Work required
Copy the listing below exactly, but skip the pictures.

Given entries
Content starts
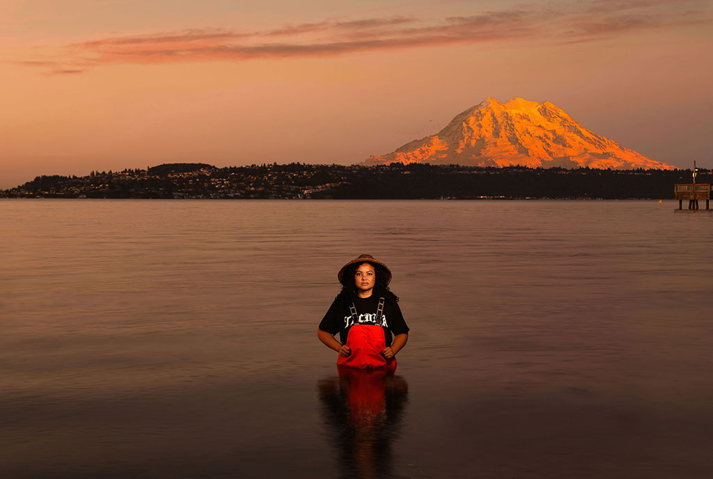 Amber Sterud Hayward, wearing red waders, stands in the water of Puget Sound in Tacoma, Washington, with a mountain in the background.
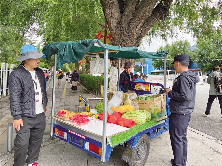 “我們從每日早上10點(diǎn)至晚上11點(diǎn),對布達(dá)拉宮南門、宗角祿康東門采取值班執(zhí)勤等方式進(jìn)行不間斷盯守,同時(shí)加強(qiáng)城管執(zhí)法大隊(duì)日常路段巡查力度,進(jìn)一步鞏固整治工作成效,提高監(jiān)管效率,形成規(guī)范化和長效化的城市管理機(jī)制,共創(chuàng)文明有序的市容環(huán)境。”布達(dá)拉宮周邊亂象專項(xiàng)整治工作專班成員常春告訴記者。
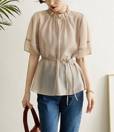 シースルー ブラウス 夏 レディース パフスリーブ ボリューム袖 シアー シースルーブラウス ギャザー ブラウス 半袖 無地 リボン付き フリルネック プルオーバー 大人 フェミニン ゆったり ゆる | gizshop
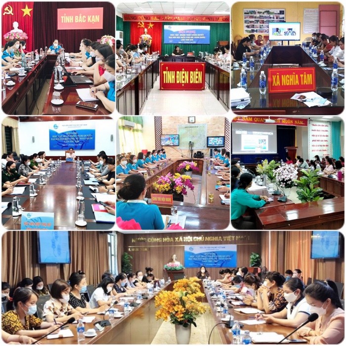 | Hội nghị tập huấn, quán triệt Nghị quyết Đại hội đại biểu phụ nữ toàn quốc lần thứ XIII lần đầu tiên được triển khai với quy mô lớn vừa trực tiếp và trực tuyến tại 4.053 điểm cầu; trong đó có 4 điểm cầu TW, 3 điểm cầu tỉnh, thành, 580 điểm cầu huyện, 3.406 điểm cầu xã. Tổng số đại biểu tham dự chương trình lên đến 62.132, trong đó TW là 363; Tỉnh/thành là 1.781; Huyện là 5.181; Chủ tịch Hội phụ nữ cơ sở là 9.045; Uỷ viên BCH Hội phụ nữ cơ sở và chi hội trưởng là 47.263. |
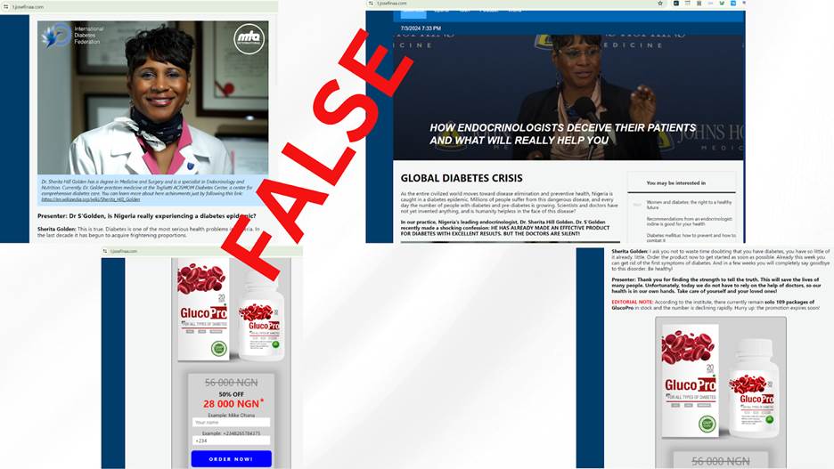 One of the subdomains had a Channel Television logo and used Bennet Ifeakandu Omalu, a Nigerian-American physician, forensic pathologist, and neuropathologist who was the first to discover and publish findings on chronic traumatic encephalopathy, falsely describing him in a published interview as a cardiovascular surgeon and specialist at the Department of Endocrinology who developed a permanent diabetes cure called GlucoPro. Another subdomain used his images and name to promote a diabetic drug called DiabeCode.
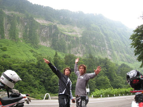 左に見える「称名滝」は落差350m 隣が500mだそうです。
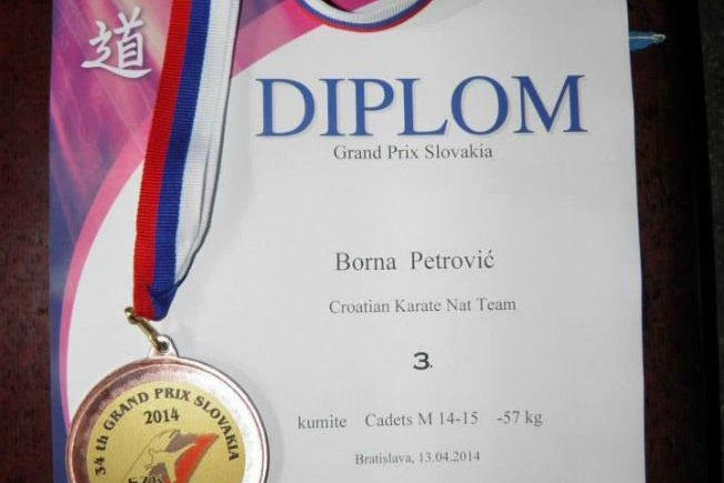 Mladi Pločanin Borna Petrović, član karate kluba Porto Tolero, u Bratislavi je na 34. Grand Prixu Slovakia za hrvatsku reprezentaciju osvojio bronačanu medalju.
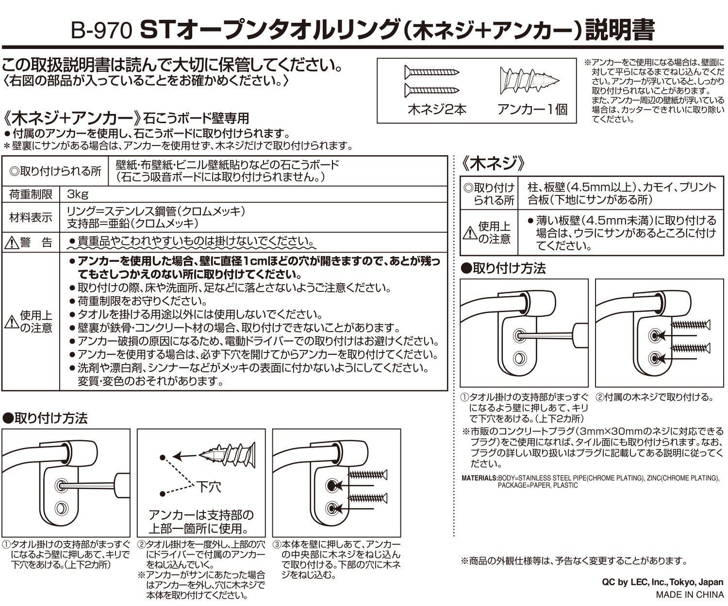 レック ストロング オープン タオルリング ( タオル掛け ) 木ネジ + アンカー
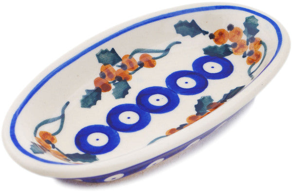 This Yellow Holly Berries 6" Condiment Dish was handmade and hand decorated in Boleslawiec, Poland by skilled artisans according to old traditional methods. This Polish stoneware is microwave, dishwasher, freezer, and oven safe up to 480°F. It does not contain lead or cadmium. It is part of the Yellow Holly Berries Collection.
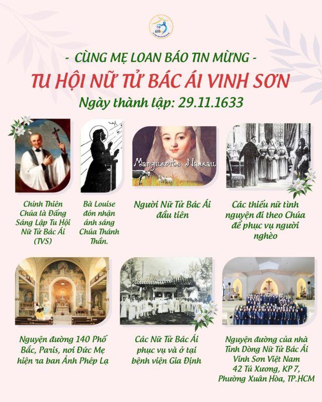 Thế là ngày 29.11.1633: các thiếu nữ tụ họp tại nhà bà Louise de Marillac, dưới sự linh hướng của cha Vinh Sơn. Thiên Chúa đã dùng biến cố này để khai sinh một hình thức tu trì mới trong Giáo Hội. Các thiếu nữ này tận hiến cho Thiên Chúa, nhưng không đóng kín trong 4 bức tường tu viện; trái lại họ “đi đi-lại lại” ở ngoài để phục vụ người nghèo về thể xác và tinh thần. Sống và thực hành bác ái như thế, chính là cách thức Loan Báo Tin Mừng lòng thương xót của Thiên Chúa. Thấy công việc các cô làm, dân chúng đã đặt tên cho các cô là “con gái của bác ái/filles de la charité”: “Chính Thiên Chúa đã ban danh hiệu ấy cho Tu Hội; bởi vì không phải cô Le Gras (bà Louise), không phải cha Portail, cũng không phải cha đã gọi các con là Nữ Tử bác Ái. Nên nhớ rằng khi thấy những điều các con làm và việc phục vụ mà các chị em đầu tiên đã làm cho người nghèo, người ta đã đặt cho các con danh hiệu đó, một danh hiệu rất thích hợp với công việc của các con …”[5].
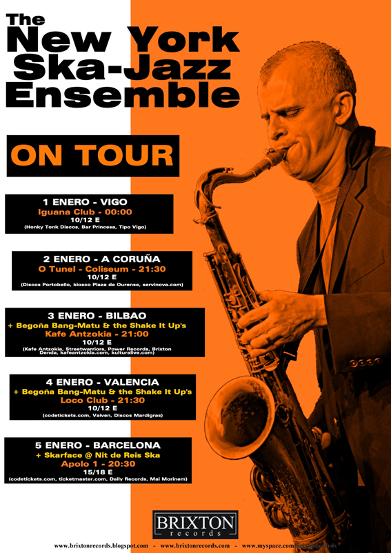 The New York Ska-Jazz Ensemble, presentando su nuevo DVD «Live in Bilbao», y Begoña Bang-Matu & The Shake It Ups actuarán el próximo lunes 3 de Enero en el Kafe Antzokia de Bilbao a las 21:00.
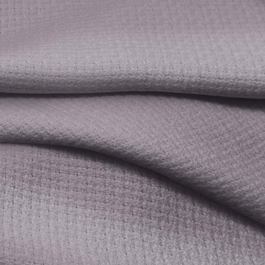 La tela base de este tejido es un tweed chanel de 100% poliéster, con un peso de 420 gr/m2 y una anchura de 150 cm. El color liso impreso es en tonalidades de morado y lila francesa, con valores de tinta cyan 41, magenta 40, yellow 28 y black 9, en un perfil de CMYK de 41 40 28 9. Este color evoca la serenidad y el romanticismo.
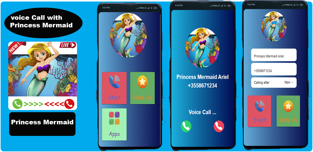 প্রিন্সেস মারমেইড আপনাকে কল করে - ফেক কল you আপনাকে একটি কাস্টম ভয়েস সহ প্রিন্সেস মের্ময়েড থেকে জাল কল, প্রিন্সেস মারমেইডের কল পেতে অনুমতি দেবে।
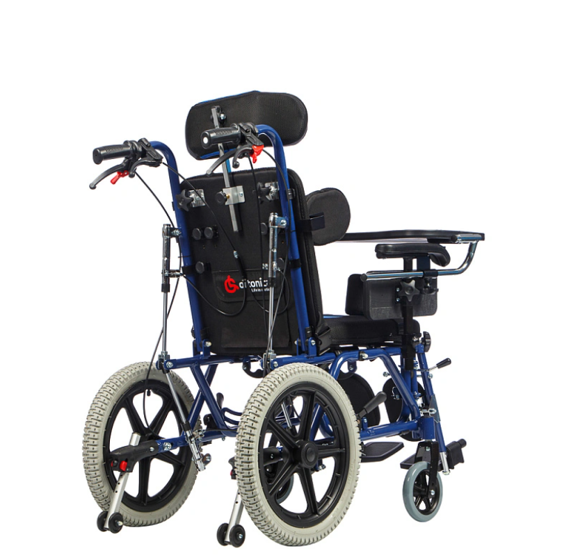 • Ручки для сопровождающего лица, оснащенные рычагами для плавной регулировки угла наклона спинки и сиденья и системой торможения
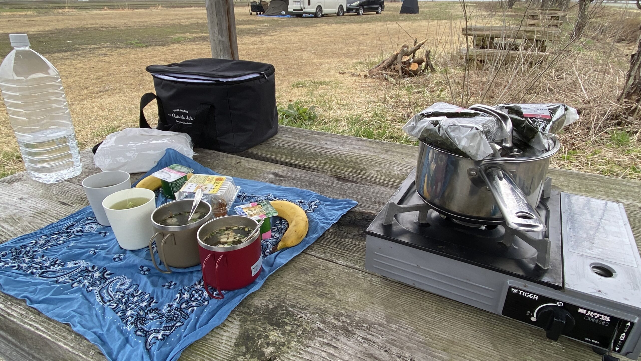 オートキャンプの方々がすでにいましたが、私たちも東屋をお借りして簡単な朝食。
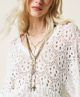 Set di tre collane rosario da indossare insieme o separati con pietre, strass e perle, galvanica ottone ramato.
Content ends
Expected answer
 Amber Sterud Hayward, wearing red waders, stands in the water of Puget Sound in Tacoma, Washington, with a mountain in the background.
 “我們從每日早上10點(diǎn)至晚上11點(diǎn),對布達(dá)拉宮南門、宗角祿康東門采取值班執(zhí)勤等方式進(jìn)行不間斷盯守,同時(shí)加強(qiáng)城管執(zhí)法大隊(duì)日常路段巡查力度,進(jìn)一步鞏固整治工作成效,提高監(jiān)管效率,形成規(guī)范化和長效化的城市管理機(jī)制,共創(chuàng)文明有序的市容環(huán)境。”布達(dá)拉宮周邊亂象專項(xiàng)整治工作專班成員常春告訴記者。
 シースルー ブラウス 夏 レディース パフスリーブ ボリューム袖 シアー シースルーブラウス ギャザー ブラウス 半袖 無地 リボン付き フリルネック プルオーバー 大人 フェミニン ゆったり ゆる | gizshop
 | Hội nghị tập huấn, quán triệt Nghị quyết Đại hội đại biểu phụ nữ toàn quốc lần thứ XIII lần đầu tiên được triển khai với quy mô lớn vừa trực tiếp và trực tuyến tại 4.053 điểm cầu; trong đó có 4 điểm cầu TW, 3 điểm cầu tỉnh, thành, 580 điểm cầu huyện, 3.406 điểm cầu xã. Tổng số đại biểu tham dự chương trình lên đến 62.132, trong đó TW là 363; Tỉnh/thành là 1.781; Huyện là 5.181; Chủ tịch Hội phụ nữ cơ sở là 9.045; Uỷ viên BCH Hội phụ nữ cơ sở và chi hội trưởng là 47.263. |
 One of the subdomains had a Channel Television logo and used Bennet Ifeakandu Omalu, a Nigerian-American physician, forensic pathologist, and neuropathologist who was the first to discover and publish findings on chronic traumatic encephalopathy, falsely describing him in a published interview as a cardiovascular surgeon and specialist at the Department of Endocrinology who developed a permanent diabetes cure called GlucoPro. Another subdomain used his images and name to promote a diabetic drug called DiabeCode.
 左に見える「称名滝」は落差350m 隣が500mだそうです。
 Mladi Pločanin Borna Petrović, član karate kluba Porto Tolero, u Bratislavi je na 34. Grand Prixu Slovakia za hrvatsku reprezentaciju osvojio bronačanu medalju.
 レック ストロング オープン タオルリング ( タオル掛け ) 木ネジ + アンカー
 This Yellow Holly Berries 6" Condiment Dish was handmade and hand decorated in Boleslawiec, Poland by skilled artisans according to old traditional methods. This Polish stoneware is microwave, dishwasher, freezer, and oven safe up to 480°F. It does not contain lead or cadmium. It is part of the Yellow Holly Berries Collection.
 Thế là ngày 29.11.1633: các thiếu nữ tụ họp tại nhà bà Louise de Marillac, dưới sự linh hướng của cha Vinh Sơn. Thiên Chúa đã dùng biến cố này để khai sinh một hình thức tu trì mới trong Giáo Hội. Các thiếu nữ này tận hiến cho Thiên Chúa, nhưng không đóng kín trong 4 bức tường tu viện; trái lại họ “đi đi-lại lại” ở ngoài để phục vụ người nghèo về thể xác và tinh thần. Sống và thực hành bác ái như thế, chính là cách thức Loan Báo Tin Mừng lòng thương xót của Thiên Chúa. Thấy công việc các cô làm, dân chúng đã đặt tên cho các cô là “con gái của bác ái/filles de la charité”: “Chính Thiên Chúa đã ban danh hiệu ấy cho Tu Hội; bởi vì không phải cô Le Gras (bà Louise), không phải cha Portail, cũng không phải cha đã gọi các con là Nữ Tử bác Ái. Nên nhớ rằng khi thấy những điều các con làm và việc phục vụ mà các chị em đầu tiên đã làm cho người nghèo, người ta đã đặt cho các con danh hiệu đó, một danh hiệu rất thích hợp với công việc của các con …”[5].
 The New York Ska-Jazz Ensemble, presentando su nuevo DVD «Live in Bilbao», y Begoña Bang-Matu & The Shake It Ups actuarán el próximo lunes 3 de Enero en el Kafe Antzokia de Bilbao a las 21:00.
 La tela base de este tejido es un tweed chanel de 100% poliéster, con un peso de 420 gr/m2 y una anchura de 150 cm. El color liso impreso es en tonalidades de morado y lila francesa, con valores de tinta cyan 41, magenta 40, yellow 28 y black 9, en un perfil de CMYK de 41 40 28 9. Este color evoca la serenidad y el romanticismo.
 প্রিন্সেস মারমেইড আপনাকে কল করে - ফেক কল you আপনাকে একটি কাস্টম ভয়েস সহ প্রিন্সেস মের্ময়েড থেকে জাল কল, প্রিন্সেস মারমেইডের কল পেতে অনুমতি দেবে।
 • Ручки для сопровождающего лица, оснащенные рычагами для плавной регулировки угла наклона спинки и сиденья и системой торможения
 オートキャンプの方々がすでにいましたが、私たちも東屋をお借りして簡単な朝食。
 Set di tre collane rosario da indossare insieme o separati con pietre, strass e perle, galvanica ottone ramato.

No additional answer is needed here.